Only the lines from the start of the data through the line with "Zuiverende Shampoo Bioactive" belong in the copy. Restate them word for word, minus the pictures.

#### TASK INPUT ####

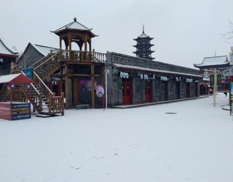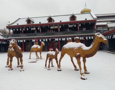 新疆昌吉回民小吃一条街,坐落在昌吉市建设北路北公园东北处,为两层框架结构,布局为四合院,青砖绿...
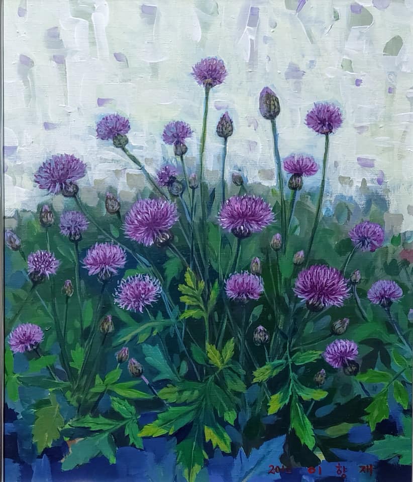 산수국, 꽃창포, 산비장이등 야생화의 특징들을 현실과 초현실의 경계를 넘나드는 양식으로 표현하고 있는데, 화가 자신은 일상의 기록들이라 말하고 있다.
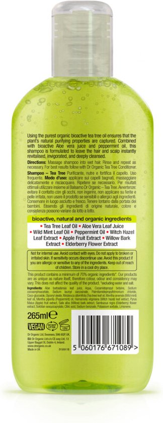 Zuiverende Shampoo Bioactive Organic Dr.Organic Bioactive Organic 265 ml
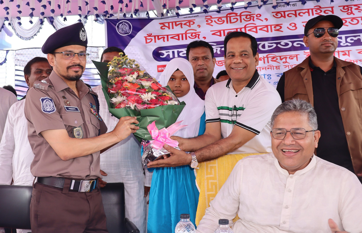 নারীদের নিরাপত্তা বিঘ্নিতকারী ইভটিজিং এবং সাধারণ মানুষের জানমালের ওপর আঘাত হানা চাঁদাবাজিকে আমরা কঠোর হস্তে দমন করব। পাশাপাশি, একটি মেয়ের উজ্জ্বল ভবিষ্যৎ নিশ্চিত করতে বাল্যবিবাহ বন্ধে আমাদের অনড় থাকতে হবে এবং যেকোনো মানসিক সংকটে আত্মহত্যার পথ না বেছে নিয়ে জীবনকে ভালোবাসতে শিখতে হবে। মনে রাখবেন, অপরাধী যেই হোক তার কোনো ছাড় নেই; আপনারা নির্ভয়ে তথ্য দিয়ে পুলিশকে সহায়তা করুন, আমরা একটি সুস্থ ও অপরাধমুক্ত সমাজ উপহার দিতে প্রতিশ্রুতিবদ্ধ।”
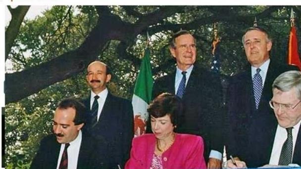El ex Mandatario hace un recuento de la negociación del tratado, de la que él fue partícipe. Recuerda que las circunstancias globales, como la caída del muro de Berlín, hicieron que México cambiara su posición respecto a negociar un TLC.

####

> OUTPUT OF THE TASK
 新疆昌吉回民小吃一条街,坐落在昌吉市建设北路北公园东北处,为两层框架结构,布局为四合院,青砖绿...
 산수국, 꽃창포, 산비장이등 야생화의 특징들을 현실과 초현실의 경계를 넘나드는 양식으로 표현하고 있는데, 화가 자신은 일상의 기록들이라 말하고 있다.
 Zuiverende Shampoo Bioactive Organic Dr.Organic Bioactive Organic 265 ml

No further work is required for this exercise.